Соблазнить. Это слово слетело с его губ с шипением. Гермиона всегда считала, что соблазнение — это что-то намеренно дразнящее, романтическое, что-то вроде коктейльных платьев и гладких прямых волос, а не шквал порнографических фантазий, используемых для того, чтобы он не узнал о уровне ее мстительности.

Но, возможно, таким было своего рода соблазнение Северуса Снейпа. Нечто опасное, находящееся на расстоянии вытянутой руки и ждущее, когда он возьмет его. Но он не возьмет ее, если она его не подтолкнет.

— Так вот что я делаю? — спросила она. При других обстоятельствах это могло бы прозвучать кокетливо. Застенчиво. Может быть, даже очаровательно. Если бы они были в пабе, в клубе и пили пиво, все могло бы быть совсем по-другому. Она остановилась, чтобы хоть на мгновение взгрустнуть о той паре, которой они никогда не станут. Они никогда не будут смеяться в пабе, веселые, яркие и счастливые; у них будут только эти маленькие моменты, крошечные, отчаянные осколки, отколовшиеся от гнетущего облака окружающей их войны.

— Либо это так, либо я очень плохо тебя понял, — язвительно заметил Северус. Если едкость в его тоне и была призвана снизить накал сексуального напряжения между ними, то это не сработало. Гермионе захотелось стереть оскал с его губ поцелуем.

— Я не думала, что мне придется соблазнять своего собственного мужа, — парировала она. — Насколько я помню, Министерство выразилось достаточно ясно: они будут проверять нас каждую неделю, чтобы убедиться, что мы трахаемся.

Тон его голоса стал глубже, увереннее, и Гермиона с содроганием поняла, что именно так Северус звучит, когда возбужден.
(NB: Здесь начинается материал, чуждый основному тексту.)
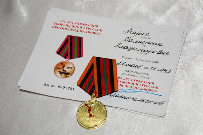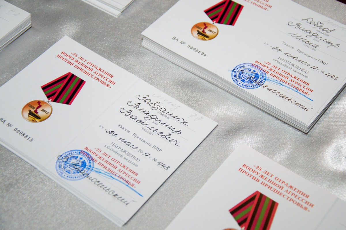 Официально глава ведомства вручил почетные награды Игорю Дудкевичу и Михаилу Каткову. После чего все присутствующие защитники были награждены медалью «25 лет отражения вооруженной агрессии против Приднестровья».
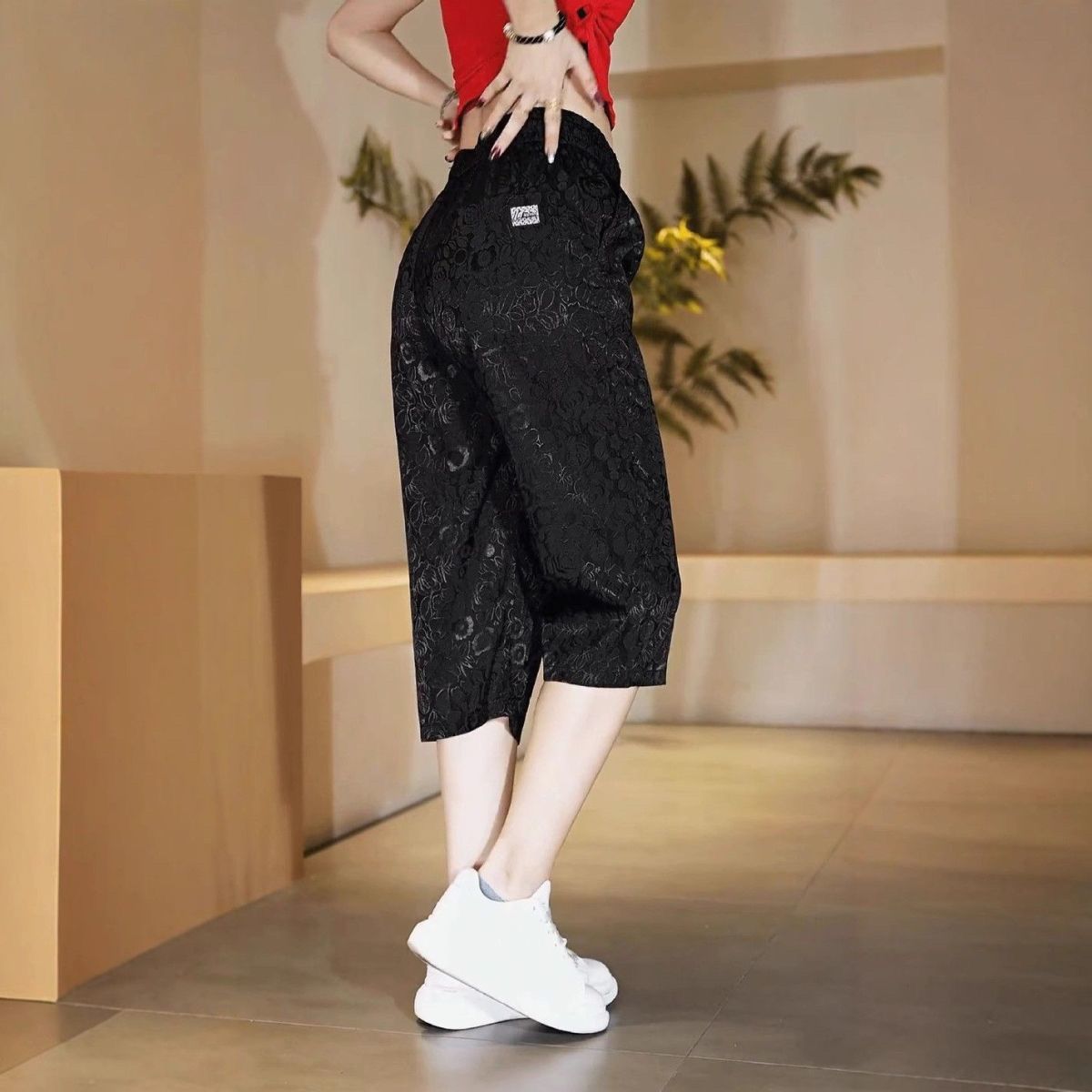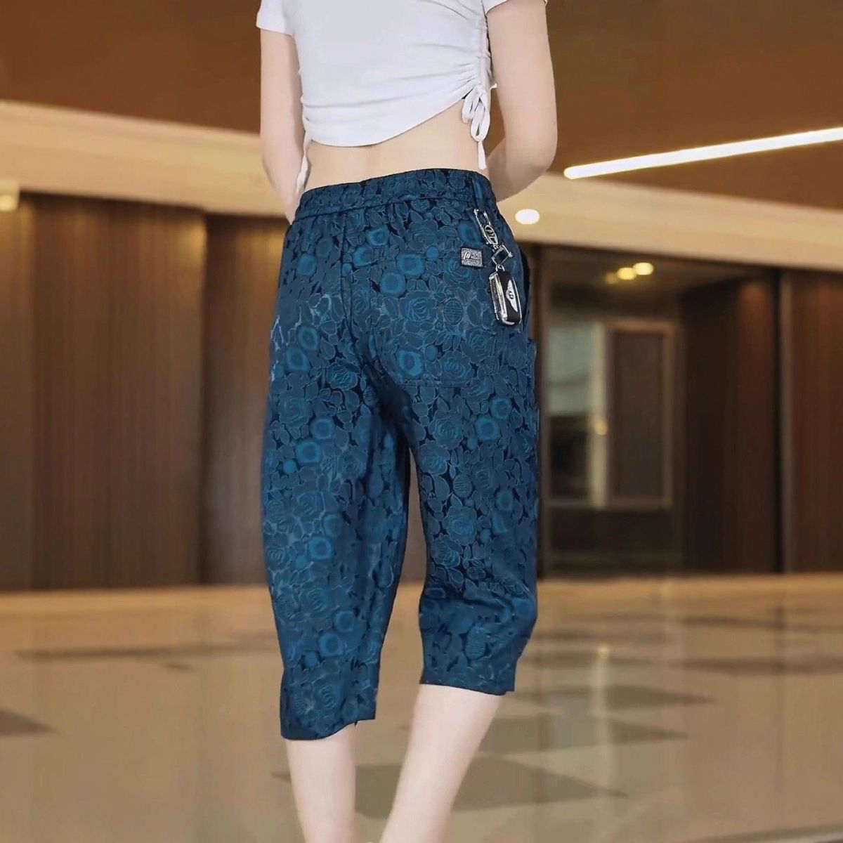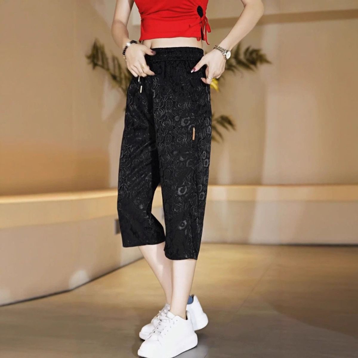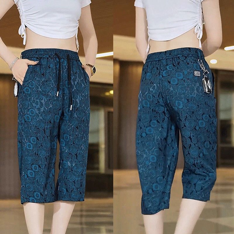 소스 제조업체 아이스 실크 자카드 무릎 위 반바지 남성 여름 바지 캐주얼하고 편안한 스트레치 크롭 팬츠 루즈 스트레이트스토어 가기

Напряженно. Жестко контролируемо.

— Тебе нравится этот титул, не так ли?

— Какой? Муж? — Гермиона на мгновение задумалась. — Да.

— И тебе это не противно? — спросил он, наполовину искренне. — Быть моей женой?

Она смотрела на него, изучая его длинный крючковатый нос и то, как его черные волосы обрамляют его точеный подбородок, и тяжелую дугу его темных бровей. Его глаза, осколки обсидиана, сверлили ее ответным взглядом. Он не был привлекательным мужчиной — он мог даже внушать ужас. Ей следовало бы испугаться. Она и боялась, совсем немного, но не испытывала отвращения. Нет, она очень сильно хотела его, а этого не могло случиться, если он был ей противен.

— Нет, — честно ответила Гермиона, — не противно.

Он нахмурился.

— Почему?

Гермиона сделала то, что у нее получалось лучше всего, — задумчиво ответила:

— Я думала, что буду. Я имею в виду, испытывать отвращение. Но ты оставил меня в покое, и я подумала, что это очень мило — настолько любезно, насколько это было возможно, учитывая ситуацию. Ты был добр.

Она на мгновение прикусила нижнюю губу, а затем продолжила:

— А потом я увидела тебя той ночью, когда ты пил огневиски, ты был… другим. Ты был… усталым. Человечным. Я никогда не видела тебя таким. И ты был нежен со мной, когда я была ранена. Мне это понравилось.

Да ты безнадежный романтик, Грейнджер, — сердито сказала она себе, потому что, когда эти ее мысли были озвучены вслух, они прозвучали как самая маленькая возможная ниточка притяжения, вместо того, чтобы олицетворять ее всепоглощающее желание уткнуться лицом в изгиб его шеи.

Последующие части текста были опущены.